MegaPairs：BGE新推出的多模态向量嵌入模型

1.2K 00

综合介绍

MegaPairs 是 VectorSpaceLab 团队在 GitHub 上开源的项目，通过大规模数据合成技术生成多模态嵌入模型，用于图像-文本到图像的检索任务。项目基于超过2600万个异构 KNN 三元组数据集，训练了 BGE-VL 系列模型，包括 BGE-VL-CLIP（base 和 large 版本）和 BGE-VL-MLLM（S1 和 S2 版本）。其中，BGE-VL-MLLM-S1 在 CIRCO 零样本图像检索基准上提升了 8.1% 的性能（mAP@5），在 MMEB 多模态嵌入基准中也表现出色。代码和模型已开源于 GitHub 和 Hugging Face，数据集计划后续发布，采用 MIT 许可证，数据源自 Recap-Datacomp（CC BY 4.0 许可）。

功能列表

生成大规模数据集: 提供超过2600万个异构 KNN 三元组，用于训练多模态嵌入模型。
BGE-VL-CLIP 嵌入模型: 包括 base 和 large 版本，生成图像和文本的嵌入表示，支持高效检索。
BGE-VL-MLLM 嵌入模型: 提供 S1 和 S2 版本，生成高性能多模态嵌入，支持零样本检索。
支持零样本检索: 无需训练即可生成嵌入并完成图像-文本检索任务。
模型开源与扩展: 在 Hugging Face 提供预训练模型，支持下载、使用和微调。

使用帮助

MegaPairs 通过 GitHub 和 Hugging Face 分发代码和模型，用户可以快速生成多模态嵌入并完成检索任务。以下是详细操作指南，基于 BGE-VL-MLLM-S1 的官方说明（Hugging Face）。

获取与安装

访问 GitHub 仓库: 打开 https://github.com/VectorSpaceLab/MegaPairs，查看项目详情。
克隆仓库: 在终端运行以下命令下载代码：

git clone https://github.com/VectorSpaceLab/MegaPairs.git
cd MegaPairs

安装依赖: 使用 Python 3.10，创建虚拟环境并安装必要库：

python -m venv venv
source venv/bin/activate  # Linux/Mac
venv\Scripts\activate     # Windows
pip install torch transformers==4.41.2 sentencepiece

Hugging Face 要求 transformers==4.41.2 和 sentencepiece。
4. 下载模型: 从 Hugging Face 获取 BGE-VL-MLLM-S1：

访问 https://huggingface.co/BAAI/BGE-VL-MLLM-S1
通过 Python 脚本自动下载（见下文）。

使用主要功能

1. 数据集使用

MegaPairs 数据集包含 2600 万个三元组，用于训练多模态嵌入模型，目前尚未完全发布，计划通过 Hugging Face 提供。

获取方式: 关注官方更新，下载后可用于模型训练或验证。
数据格式: 三元组（查询图像、文本描述、目标图像），支持嵌入生成和检索。

2. 生成多模态嵌入（BGE-VL-MLLM-S1）

BGE-VL-MLLM-S1 是核心嵌入模型，用于生成图像和文本的嵌入表示并完成检索。
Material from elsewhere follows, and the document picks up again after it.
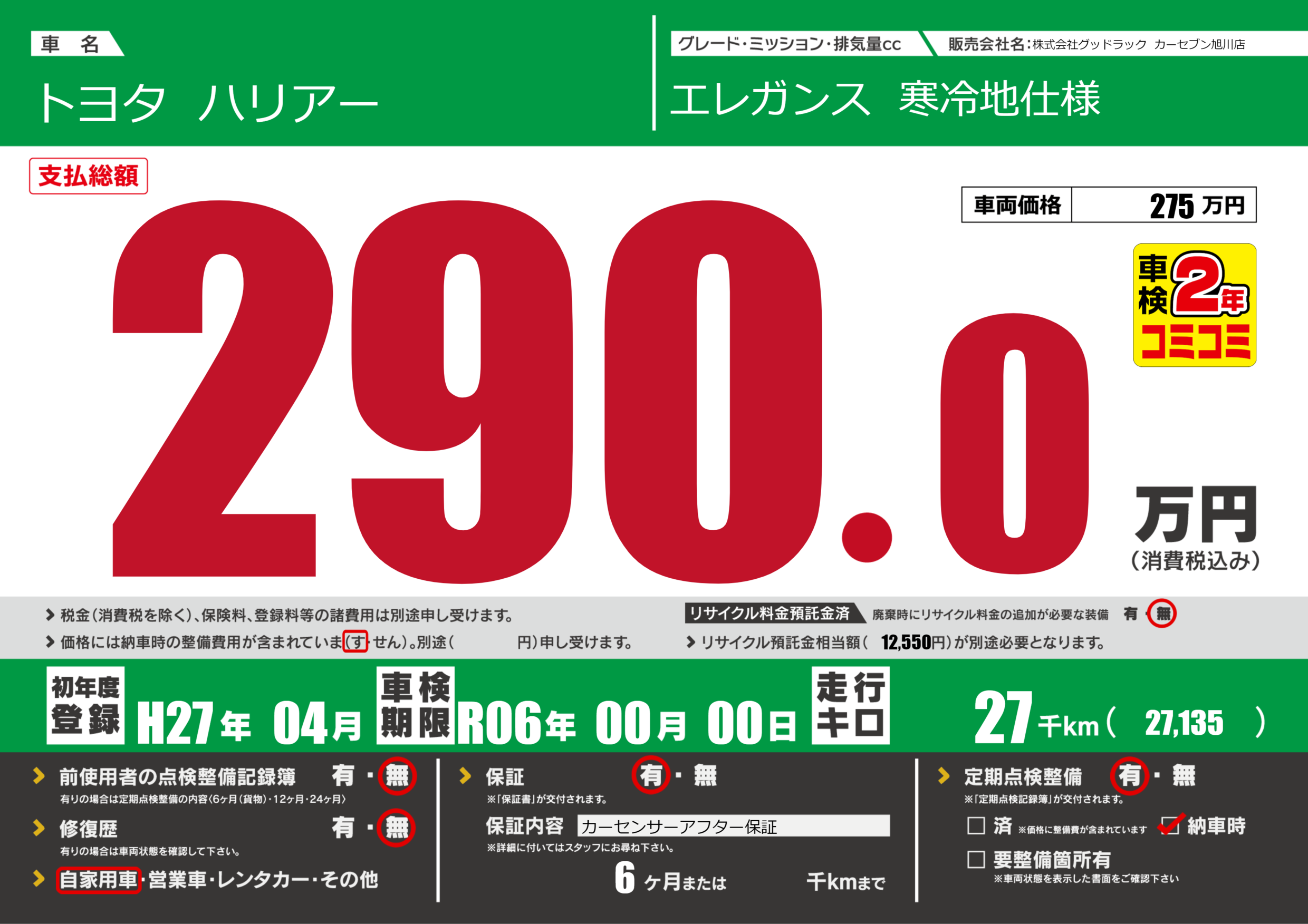 | 走行キロ | 2.7万km | 初年度登録 | H27年04月 |
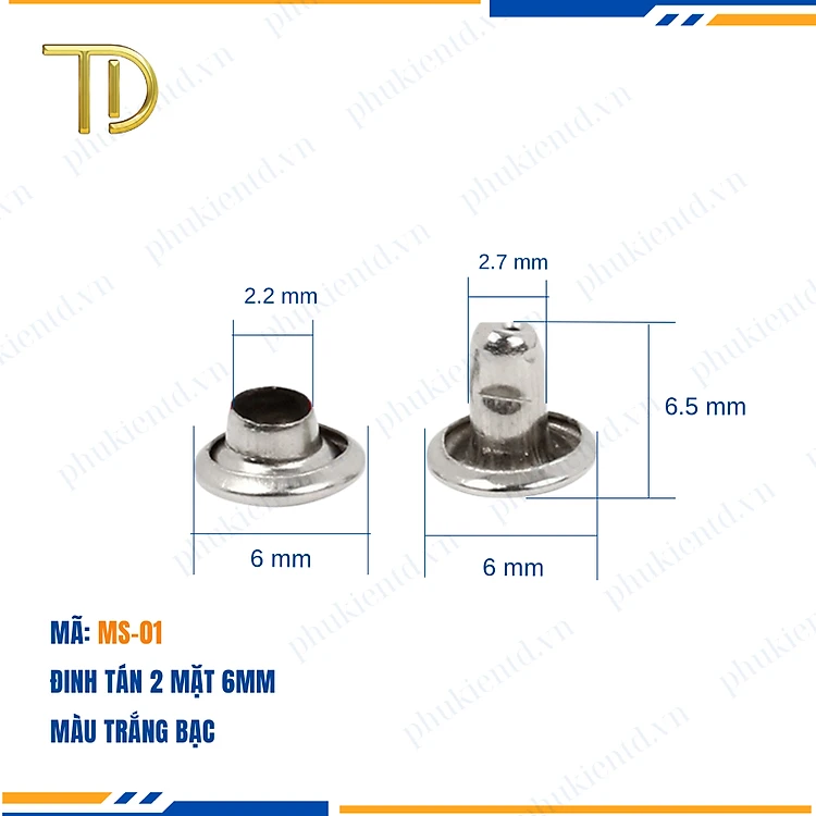 1 đinh tán 2 mặt, Trắng

以下是官方代码：

加载模型:

import torch
from transformers import AutoModel, AutoProcessor
model_name = "BAAI/BGE-VL-MLLM-S1"
processor = AutoProcessor.from_pretrained(model_name, trust_remote_code=True)
model = AutoModel.from_pretrained(model_name, trust_remote_code=True)
model.eval()
model.cuda()  # 使用 GPU 加速

生成嵌入并检索:

from PIL import Image
# 准备输入
query_image = Image.open("./cir_query.png").convert("RGB")
query_text = "Make the background dark, as if the camera has taken the photo at night"
candidate_images = [Image.open("./cir_candi_1.png").convert("RGB"), Image.open("./cir_candi_2.png").convert("RGB")]
# 处理查询数据
query_inputs = processor(
text=query_text,
images=query_image,
task_instruction="Retrieve the target image that best meets the combined criteria by using both the provided image and the image retrieval instructions: ",
return_tensors="pt",
q_or_c="q"
)
query_inputs = {k: v.cuda() for k, v in query_inputs.items()}
# 处理候选数据
candidate_inputs = processor(
images=candidate_images,
return_tensors="pt",
q_or_c="c"
)
candidate_inputs = {k: v.cuda() for k, v in candidate_inputs.items()}
# 生成嵌入并计算相似度
with torch.no_grad():
query_embs = model(**query_inputs, output_hidden_states=True).hidden_states[-1][:, -1, :]
candi_embs = model(**candidate_inputs, output_hidden_states=True).hidden_states[-1][:, -1, :]
query_embs = torch.nn.functional.normalize(query_embs, dim=-1)
candi_embs = torch.nn.functional.normalize(candi_embs, dim=-1)
scores = torch.matmul(query_embs, candi_embs.T)
print(scores)  # 输出相似度得分

结果解释: scores 表示查询嵌入与候选嵌入的相似度，得分越高匹配度越高。

3. 使用 BGE-VL-CLIP 生成嵌入

BGE-VL-CLIP（base/large）也可生成多模态嵌入：

加载与运行:

from transformers import AutoModel
model_name = "BAAI/BGE-VL-base"
model = AutoModel.from_pretrained(model_name, trust_remote_code=True)
model.set_processor(model_name)
model.eval()
with torch.no_grad():
query = model.encode(images="./cir_query.png", text="Make the background dark")
candidates = model.encode(images=["./cir_candi_1.png", "./cir_candi_2.png"])
scores = query @ candidates.T
print(scores)